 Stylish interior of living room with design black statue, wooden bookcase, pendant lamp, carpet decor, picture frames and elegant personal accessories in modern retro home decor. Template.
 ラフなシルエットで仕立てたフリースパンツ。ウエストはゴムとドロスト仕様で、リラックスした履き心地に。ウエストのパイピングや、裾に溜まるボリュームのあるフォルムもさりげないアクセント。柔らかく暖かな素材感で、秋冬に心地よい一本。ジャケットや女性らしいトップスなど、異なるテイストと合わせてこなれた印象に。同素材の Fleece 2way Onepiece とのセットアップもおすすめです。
==
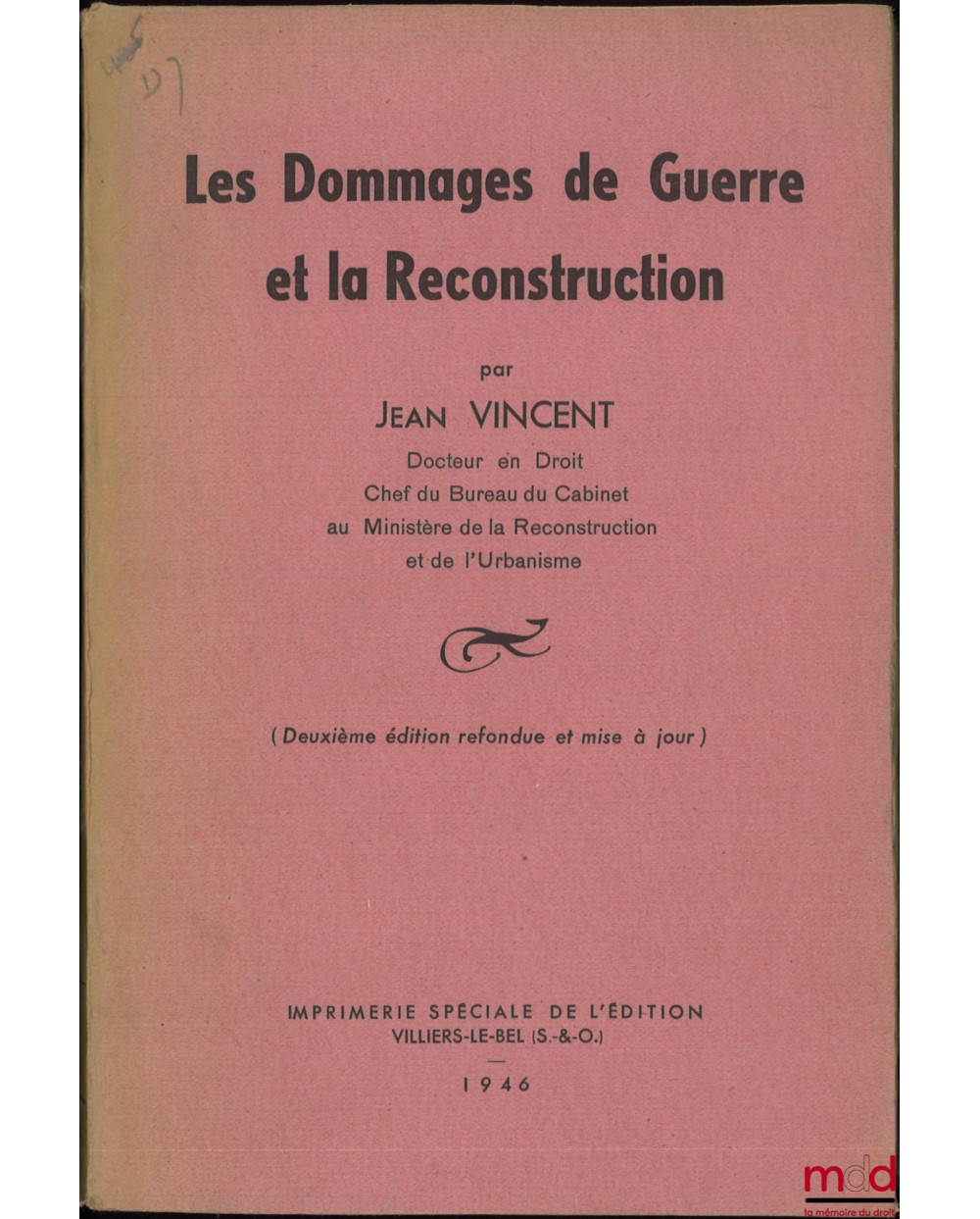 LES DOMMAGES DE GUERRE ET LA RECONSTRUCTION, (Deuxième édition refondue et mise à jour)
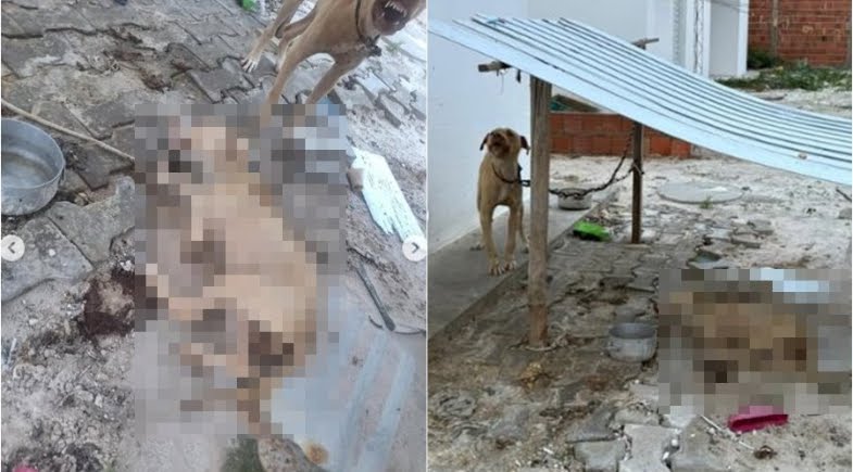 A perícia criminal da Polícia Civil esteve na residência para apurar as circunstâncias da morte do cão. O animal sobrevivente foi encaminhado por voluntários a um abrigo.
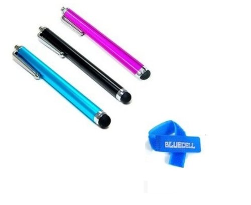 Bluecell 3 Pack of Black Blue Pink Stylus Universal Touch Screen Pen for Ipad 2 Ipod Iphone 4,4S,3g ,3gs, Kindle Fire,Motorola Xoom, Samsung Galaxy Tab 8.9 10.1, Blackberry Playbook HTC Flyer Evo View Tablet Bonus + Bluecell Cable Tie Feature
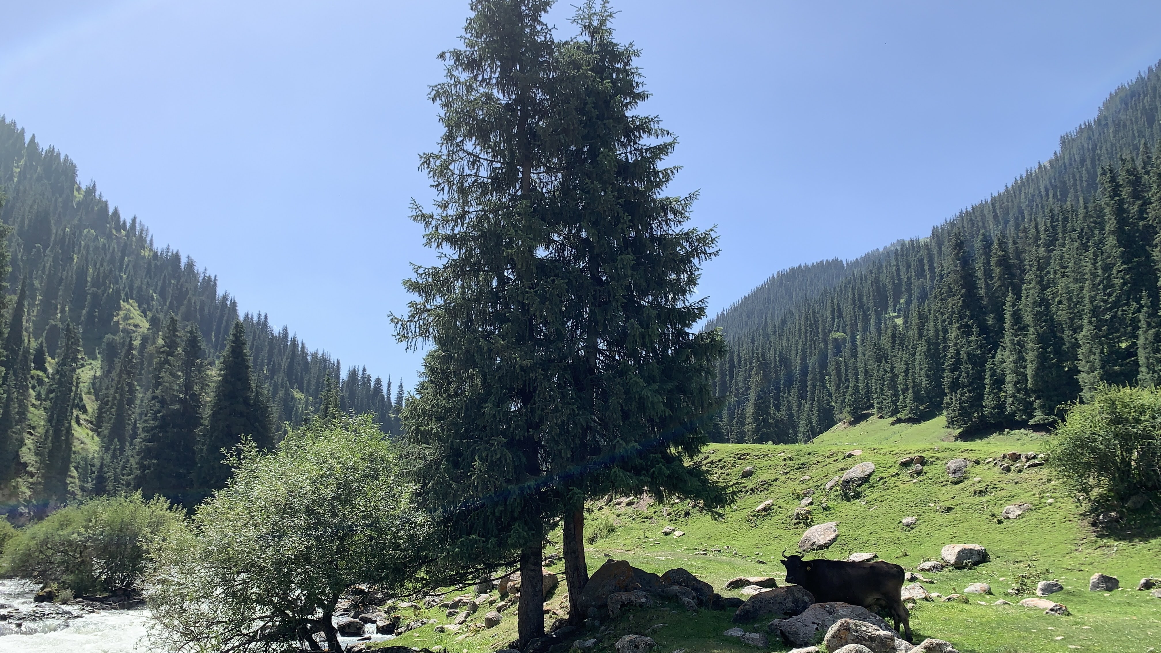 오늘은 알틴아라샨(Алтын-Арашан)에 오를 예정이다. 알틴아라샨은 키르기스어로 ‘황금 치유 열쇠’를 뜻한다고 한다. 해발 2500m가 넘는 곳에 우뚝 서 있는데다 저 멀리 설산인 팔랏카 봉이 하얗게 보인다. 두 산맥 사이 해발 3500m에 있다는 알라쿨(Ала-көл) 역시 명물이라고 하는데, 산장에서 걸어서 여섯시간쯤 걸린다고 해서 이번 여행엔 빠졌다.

**WORK REQUIRED:** Word for word, retype the lines in the entries above that run from the one with "Bluecell 3 Pack" through the one with "오늘은 알틴아라샨(Алтын-Арашан)에 오를". Both ends count; pictures do not.

**OUTPUT FOR THIS TASK:**
 Bluecell 3 Pack of Black Blue Pink Stylus Universal Touch Screen Pen for Ipad 2 Ipod Iphone 4,4S,3g ,3gs, Kindle Fire,Motorola Xoom, Samsung Galaxy Tab 8.9 10.1, Blackberry Playbook HTC Flyer Evo View Tablet Bonus + Bluecell Cable Tie Feature
 오늘은 알틴아라샨(Алтын-Арашан)에 오를 예정이다. 알틴아라샨은 키르기스어로 ‘황금 치유 열쇠’를 뜻한다고 한다. 해발 2500m가 넘는 곳에 우뚝 서 있는데다 저 멀리 설산인 팔랏카 봉이 하얗게 보인다. 두 산맥 사이 해발 3500m에 있다는 알라쿨(Ала-көл) 역시 명물이라고 하는데, 산장에서 걸어서 여섯시간쯤 걸린다고 해서 이번 여행엔 빠졌다.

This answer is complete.